Fusion 360 to AGD

Introduction: Fusion 360 to AGD

About: I'm a Mechanical Engineering student pursuing a Master's Degree at The University of Texas at El Paso, working as a Graduate Research Assistant at The W.M Keck Center for 3D Innovation. My research focuses o...

This Instructable will demonstrate the workflow of a component from Fusion 360 being optimized by using Autodesk Generative Design (AGD). As most of you already know, Fusion 360 is a CAD software with parametric design capabilities. AGD on the other hand is a shape optimization tool where parameters such as loads and constraints are the main drivers. Once these load points are specified AGD will build and/or "generate" the necessary material around the component to withhold the mentioned forces.

Step 1: Fusion 360 CAD

This Fusion to AGD demo will be utilizing a simple bracket with a shaft crossing through it. This bracket was modeled in Fusion 360 and will serve as a reference for designing the right parameters for the AGD simulation. A new component will be created in Fusion with the name of AGD along with two subcomponents named obstacle and preserve. Later on, this AGD component will be brought into the Generative Design software.

Step 2: Obstacle Bodies

Obstacle bodies in Generative Design reference to external parts surrounding your main component. In this case, the shaft and the bolts will be modeled and marked as obstacles. Projecting the faces of the bracket will facilitate modeling the bolts and shaft. Obstacle bodies can expand beyond the bounding box of the main component. For example, the wall holding the bolts is placed outside of the main component’s volume. The shaft also extends slightly outside of the bounding box in terms of length. The purpose of modeling this way is to prevent excess material being generated around the edges of the main component. Once this component is being simulated in AGD, it will generate material in such way that does not interfere with the obstacle bodies’ path.

Step 3: Preserve Bodies

Preserve features, as the name states, are the areas of the component that need to remain the same throughout the simulation. AGD will generate material and connect these bodies together. The holes for the bolts and the shaft will be preserved to keep the design parameters of the original bracket. In order to design this in Fusion 360, the patch and thicken commands will be used. The thickening values will be selected by the user and will vary depending on the user’s needs. Unlike the obstacle bodies that can extend outside the original bracket’s space, preserve bodies are bound to remain inside the component’s designated space.

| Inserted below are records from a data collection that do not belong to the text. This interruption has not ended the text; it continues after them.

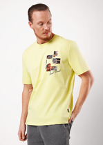 Яркая спортивная футболка с принтом на реглан рукаве. Воротник V-образный, двойной. На груди слева логотип.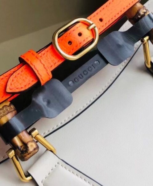 Combining recognizable elements of the House, the small tote bag is defined by its bamboo handles and Double G hardware. Crafted from, the accessory is further accentuated by two neon bands, a playful reference to the bands used to keep handles in shape.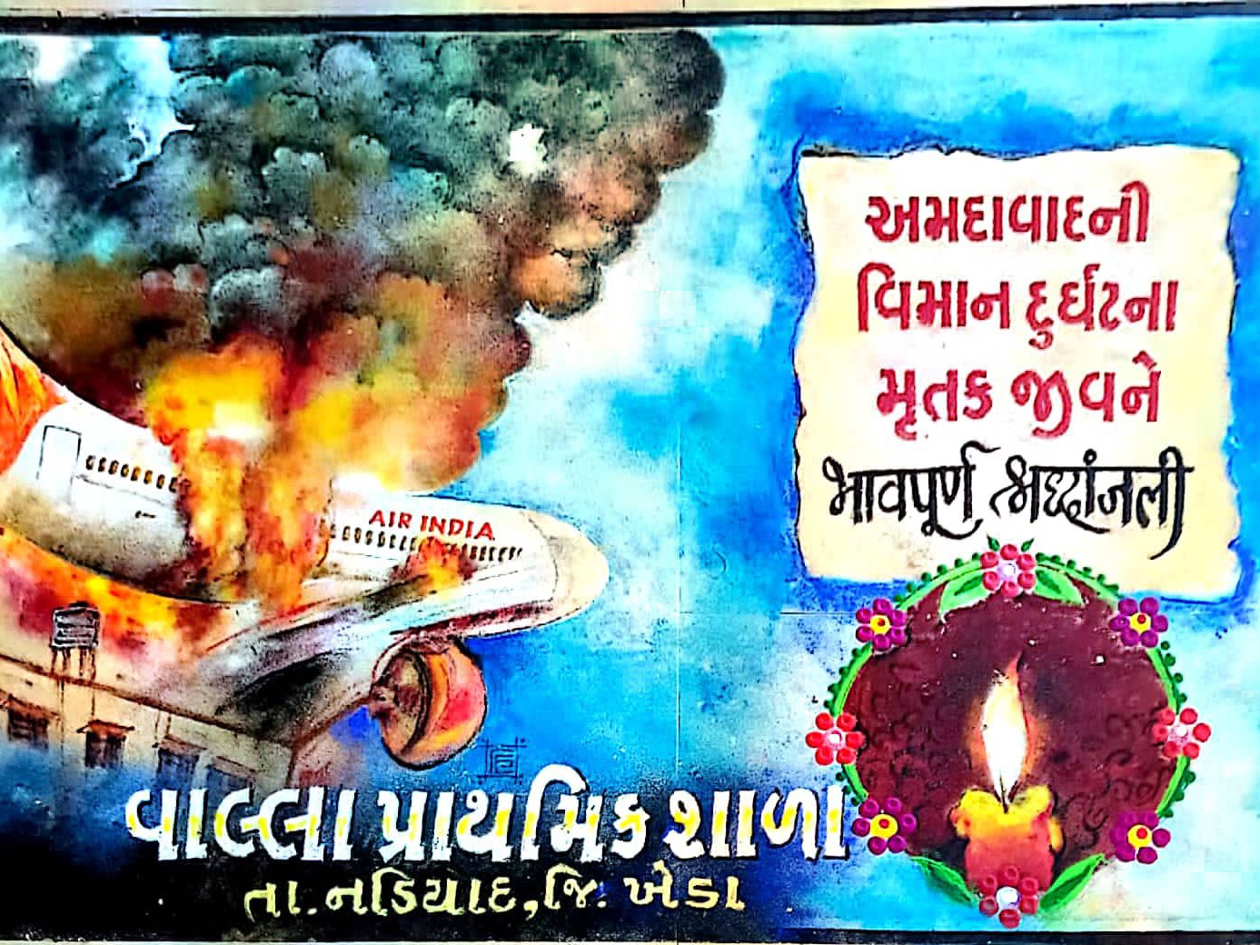 નડિયાદ તાલુકાના વાલ્લા પ્રાથમિક શાળાએ તાજેતરની અમદાવાદ વિમાન દુર્ઘટનામાં મૃત્યુ પામેલા લોકોને અનોખી રીતે શ્રદ્ધાંજલિ આપી છે.

*Note. The preserve and obstacle bodies have to be independent from each other and cannot have interfering bodies between the two. Having obstacle and preserve bodies occupying the same space may cause errors within the AGD simulation.

Once both obstacle and preserve components are done in Fusion, they can be translated to AGD by clicking on the “G” logo within Fusion or by saving the AGD component as a STEP file and importing it into AGD.

Step 4: AGD Setup

The first thing to do in the AGD interface is to specify obstacle and preserve bodies which can be found in the design space tab. The next step is to set constraints and loads. These can only be assigned to preserve bodies. Loads and constraints can be placed on faces, edges, points and/or bodies. There is the option to set different load cases within the same study case.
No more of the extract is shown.